Page MenuHomePhabricator

Cite: 'Cite error ref too many keys' not generated if name chunk contains other than A–Z, a–z, 0–9
Open, MediumPublic

Description

When a reference name is not enclosed in quotes and contains an invalid character, then it should trigger Cite error ref too many keys. Example:

<ref name = smith p1>x</ref>

But, if the the name fragment after the space contains (not just begins) any other character than A–Z, a–z, 0–9, then the error is not triggered. Example:

<ref name = smith p!1>x</ref>

This should generate the error message, but instead it truncates the name at the space.


Version: unspecified
Severity: normal

Details

Reference
bz42040

Event Timeline

bzimport raised the priority of this task from to Medium.Nov 22 2014, 1:00 AM
bzimport added a project: Cite.
bzimport set Reference to bz42040.
bzimport added a subscriber: Unknown Object (MLST).
thiemowmde added subscribers: thiemowmde, Anomie, cscott and 2 others.

I can confirm this is still an issue. I understand why it appears like a bug in the Cite extension. But it is an issue with MediaWiki's Parser, specifically with the way it processes attributes for so called "tag hooks". The <ref> tag is one of these.

This is the most minimal example I could come up with:

This shows the expected error message
<ref x>a</ref>
This does not
<ref !>a</ref>

I was able to track the issue down to the line https://phabricator.wikimedia.org/source/mediawiki/browse/master/includes/parser/Parser.php$4039, which calls Sanitizer::decodeTagAttributes(). This function is called with the expected string !, but returns an empty array. From this point onward, later code does not have any idea there was an invalid attribute in the tag.

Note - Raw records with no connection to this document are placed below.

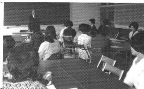
3月15日今年度 最後の家庭教育学級

最後に、今の私たちは、終戦後 の母の時代に比べ、このような講 演を聞くことができるのを、大変 幸せに思っています。
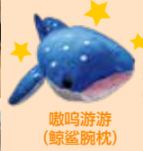
嗷呜游游 (鲸鲨腕枕)
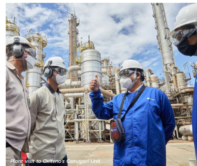
Plant visit to Oxiten's Camaçari Unit

การเข้าซื้อกิจการครั้งนี้ประกอบด้วยโรงงานผลิต 11 แห่งในลาตินอเมริกาและสหรัฐอเมริกา ศูนย์วิจัยและพัฒนา 5 แห่ง ทีมบริหารที่มีประสบการณ์ ประวัติการบริหารสิ่งแวดล้อมที่แข็งแกร่ง และความเชี่ยวชาญด้านนวัตกรรมที่เป็นมิตรต่อสิ่งแวดล้อม โดย Oxiten ได้เข้าเป็นส่วนหนึ่งในกลุ่มธุรกิจ Integrated
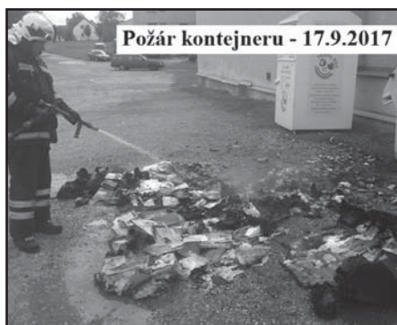
Požár kontejneru - 17.9.2017
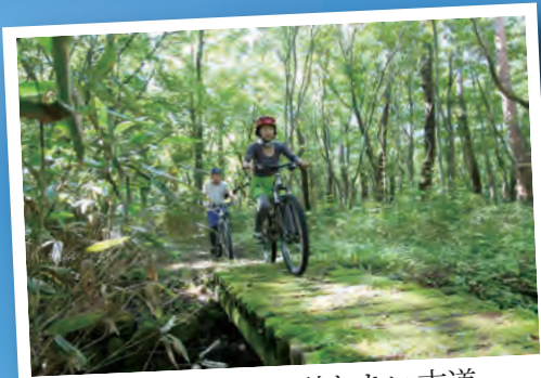
野鳥や動物しか訪れない古道
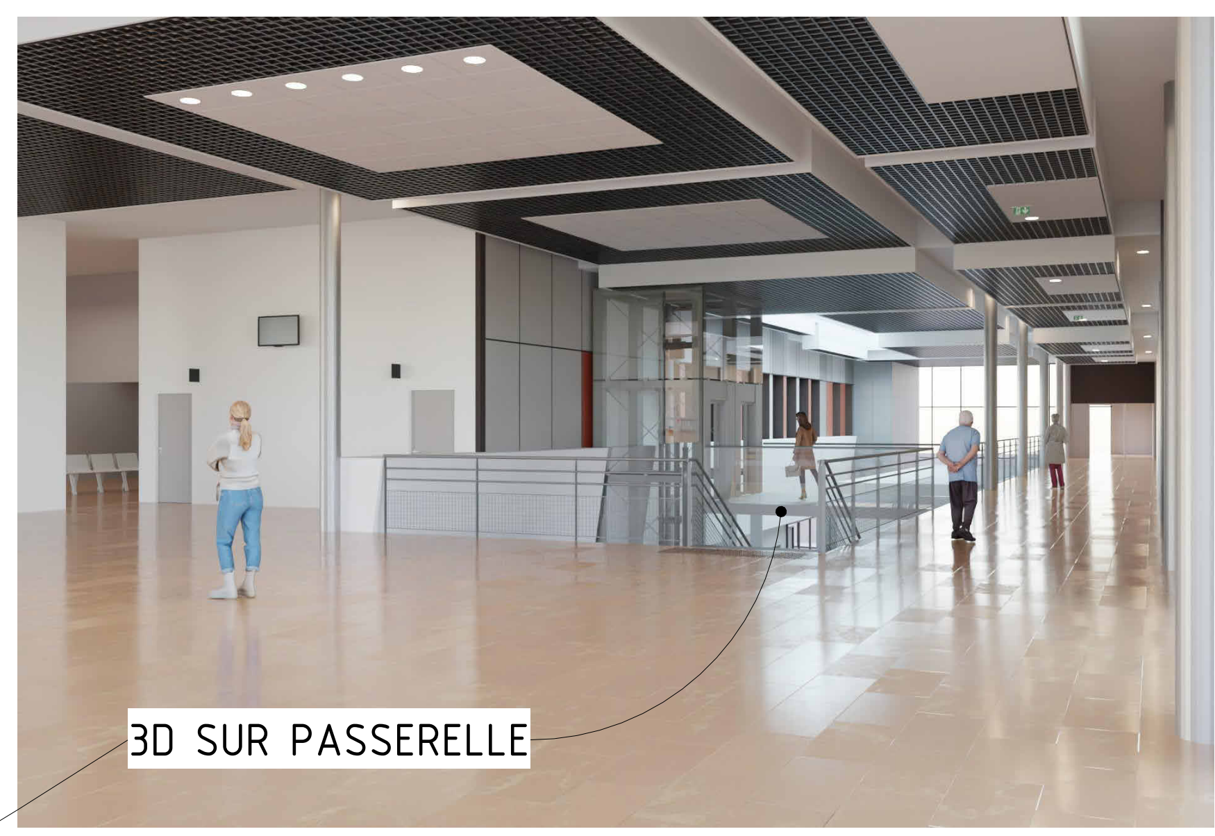
VUE EN PLAN DALLE HAUTE SS1 (0.00 / 288.74 ) CREATION ASCENSEUR (vue bas SS1 vers 0.00)
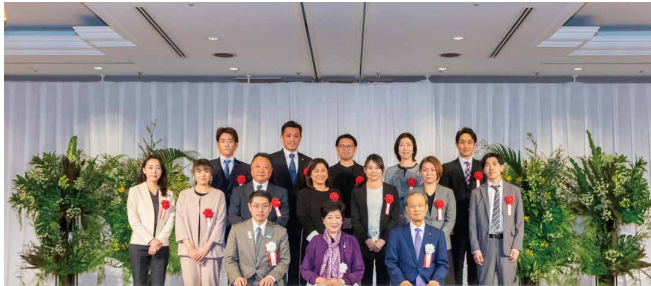
TokyoTokyo ソーシャルファームフォーラム

令和7年1月、新たに1つの認証事業所と18の予備認証事業所を決定しました。また、企業のソーシャルファーム創設への意欲を喚起し、広く都民のソーシャルファームに対する理解の向上を図るイベント、「TokyoTokyoソーシャルファームフォーラム」を1月27日(月)に開催しました。
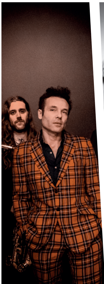
Dijous 30 juliol - 22H LOS SAXOS DEL AVERNO
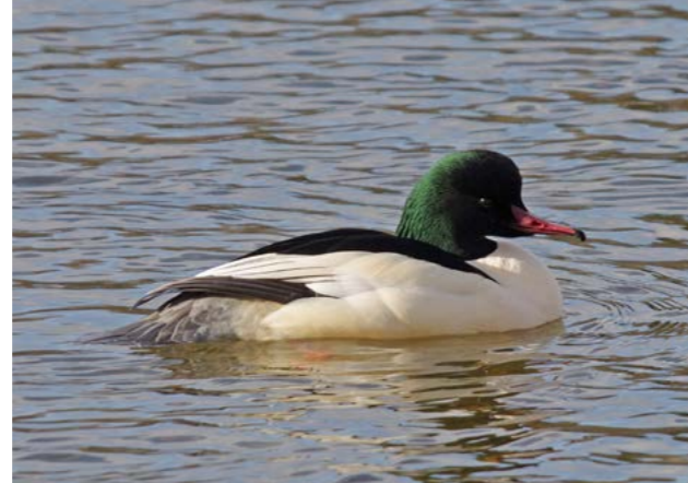
Laksand ( Mergus merganser )
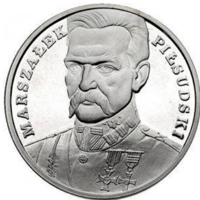
Rycina 2. Józef Piłsudski (1988)

There is a line that intentionally skips attributes with invalid characters, without reporting anything. This line was introduced just recently via https://gerrit.wikimedia.org/r/471363, in 2018. However, a closer look shows that the same issue existed before. The old code relied on a regular expression that skipped invalid characters, creating the exact same result.

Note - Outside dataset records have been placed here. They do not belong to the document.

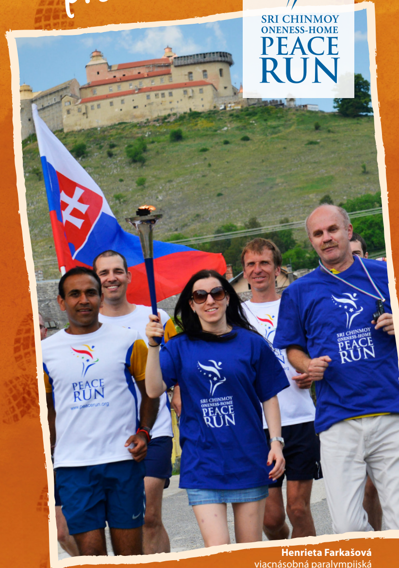
Henrieta Farkašová viacnásobná paralympijská medailistka
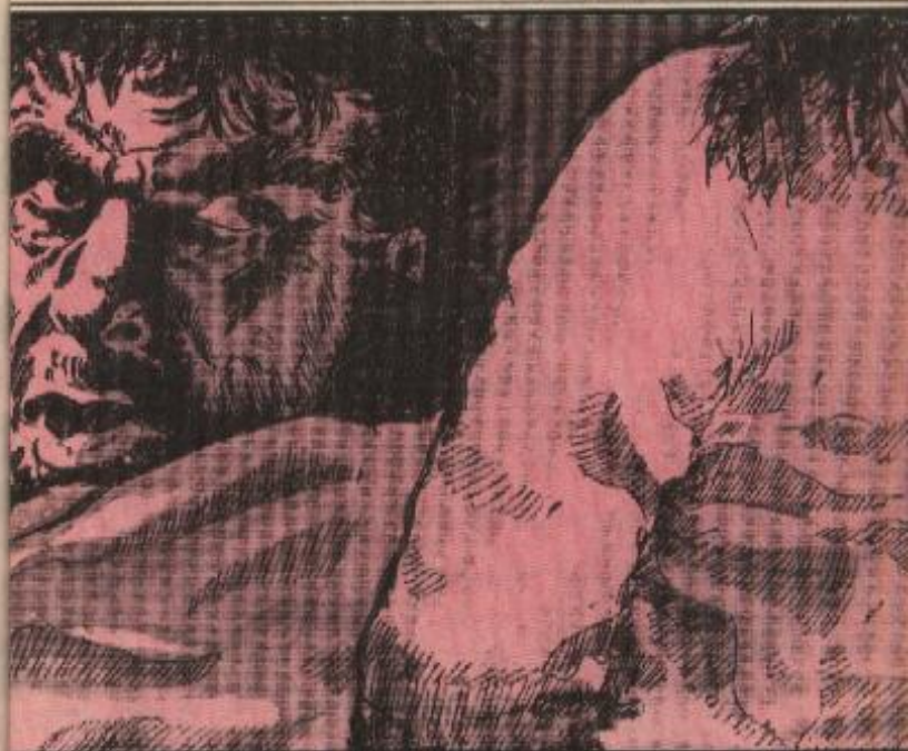
وفحاة رأّت عالية في الحديقة رجل مجنون يجلس بجوار الشجرة .

وفي دقائق انتهى الرجل من التهام كل ما أمامه ، ثم احتسى كوب الماء ومسح يديه في قميصه المتسخ الممزق وعاد إلى صمته
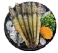
鮮甜白蝦 White Shrimp-白エビ 자연산 대하·กุ้งขาวแปะพีค Tôm biển hoàng dã
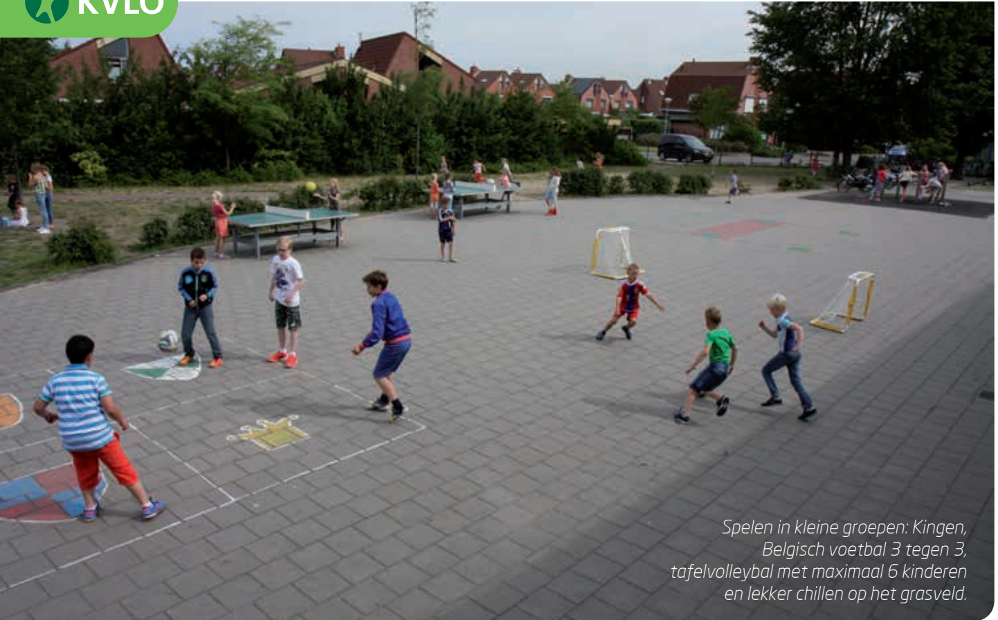
Spelen in kleine groepen: Kingen, Belgisch voetbal 3 tegen 3, tafelvolleybal met maximaal 6 kinderen en lekker chillen op het grasveld.

I'm really not sure if there is anything we can do about this. I believe it would be wrong to add the ! to the list of attributes. This will most certainly create a lot of new issues in code consuming such a set of attributes. Another idea is to let the Parser report such invalid character sequences. However, this would be a breaking change in the Parser. Historically, there was no such thing as "invalid" wikitext.